In [16]:
import math
def normal_cdf(x, mu=0,sigma=1):
    return (1 + math.erf((x - mu) / math.sqrt(2) / sigma)) / 2
def inverse_normal_cdf(p, mu=0, sigma=1, tolerance=0.00001):
    """find approximate inverse using binary search"""
    # if not standard, compute standard and rescale
    if mu != 0 or sigma != 1:
        return mu + sigma * inverse_normal_cdf(p, tolerance=tolerance)

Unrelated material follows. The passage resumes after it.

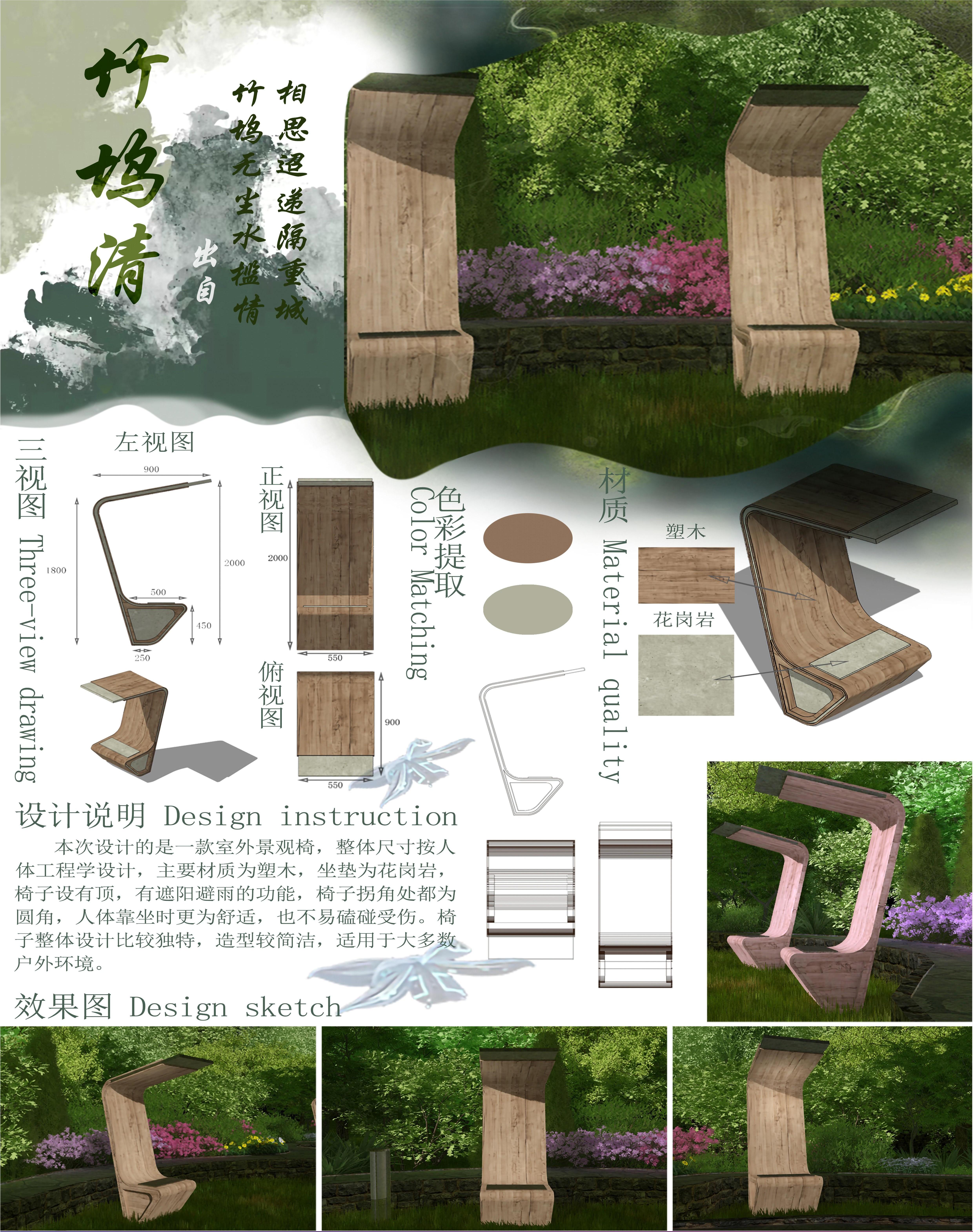 本次设计的是一款室外景观椅,整体尺寸按人体工程学设计,主要材质为塑木,坐垫为花岗岩,椅子设有顶,有遮阳避雨的功能。椅子拐角处都为圆角,人体靠坐时更为舒适,也不易磕碰受伤。椅子整体设计比较独特,造型较简洁,适用于大多数户外环境。

    low_z, low_p = -10.0, 0 # normal_cdf(-10) is (very close to) 0
    hi_z, hi_p = 10.0, 1 # normal_cdf(10) is (very close to) 1
    while hi_z - low_z > tolerance:
        mid_z = (low_z + hi_z) / 2 # consider the midpoint
        mid_p = normal_cdf(mid_z) # and the cdf's value there
        if mid_p < p:
            # midpoint is still too low, search above it
            low_z, low_p = mid_z, mid_p
        elif mid_p > p:
            # midpoint is still too high, search below it
            hi_z, hi_p = mid_z, mid_p
        else:
            break
    return mid_z
    """The function repeatedly bisects intervals until it narrows in on a Z that’s close enough to
        the desired probability."""

### Example: Flipping a Coin
Imagine we have a coin and we want to test whether it’s fair. We’ll make the assumption
that the coin has some probability p of landing heads, and so our null hypothesis is that the
coin is fair — that is, that  `p=0.5`. We’ll test this against the alternative hypothesis `p!=0.5`.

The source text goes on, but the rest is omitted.